By Leon Symons
Speaking up for the Israel Defence Force is unlikely to win many friends — but it has turned one man into the most unlikely new star on YouTube.
Colonel Richard Kemp was the commander of British forces in Afghanistan in 2003 and even he admits he is surprised by his new-found fame.
A video of a talk he gave last month to the Jerusalem Centre for Public Affairs with the somewhat sombre title of “Hamas, the Gaza War and Accountability under International Law” has been viewed more than 7,000 times, and a BBC interview he conducted during the Gaza War in January has been seen 55,000 times.
In both, he said that the IDF did more to safeguard the welfare of civilians during Operation Cast Lead “than any other army in the history of warfare”.
It is a message he has been repeating since the war in Gaza in January.
So why is this former senior British army officer publicly defending the Israeli army?
“The moment the IDF starts to do anything around military operations, they are condemned by the media. I have seen it over many years and as a professional soldier, I object to that,” said Col Kemp this week.
“I have worked alongside some of their officers and I have studied what they do. I’m not saying this because I ‘love’ the IDF; it is completely wrong for soldiers to be condemned in the way they are.
“I want to give an objective view on what they are doing and about the criticism levelled against them.”
He worked closely with the IDF as commanding officer in Afghanistan, when he discovered there was no set way of dealing with suicide attacks.
“I developed a policy with considerable input from the IDF. That policy was then adopted across the army and was used in Iraq as well as Afghanistan. The US experienced a high level of suicide attacks in Iraq and to a lesser extent in Afghanistan. We had some experience but not like the Israelis,” he said.
“In recent years, the fighting the Israelis have done in Lebanon and Gaza and elsewhere is very relevant to the kind of fighting that British forces have been doing since 2001 in Afghanistan and Iraq, as well as coping with our own terrorist problems at home.”
He said the IDF experience was rarely mentioned by fellow officers, most of whom have had little contact with it.
“If I’m asked about my views of what the IDF is, or to interpret what they are doing, I am more than happy to give them,” said Col Kemp, who has written several articles for the JC.
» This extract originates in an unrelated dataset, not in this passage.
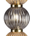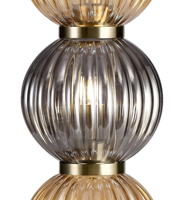 Both the pendant and table lamp featured in the Shelby range host a two tone effect produced by the smoked and amber globe glass. These glass pieces, encircling the G9 lampholders, have a ridged moulding enhancing the luminous sheen given off their coloured tint. The glass fixes to the slim tubular stem, finished in antique brass, in such a way that imitates beads being threaded along string.

“Like every army, the IDF has got its problems. They can of course improve on the way they do things but so can the British Army. Look at some of the horrendous things the British Army is doing, terrible things in Iraq that should not have been allowed.
“Of course mistakes are made and things happen but this is a democratically accountable government. I try to make my view objective.
“A lot of people have an agenda and try to cast doubt on the IDF’s legality.”
Col Kemp, 50, joined the army straight from school in 1977 and retired after 30 years’ service in almost every war Britain has been involved in since he signed up, including both Gulf wars, Iraq, Bosnia and Northern Ireland.
He has even included references to the IDF’s advice on suicide attacks in a new non-fiction book called Attack State Red, due to be published in September, that gives an insight to the ordinary man in the street into what battle is like for soldiers.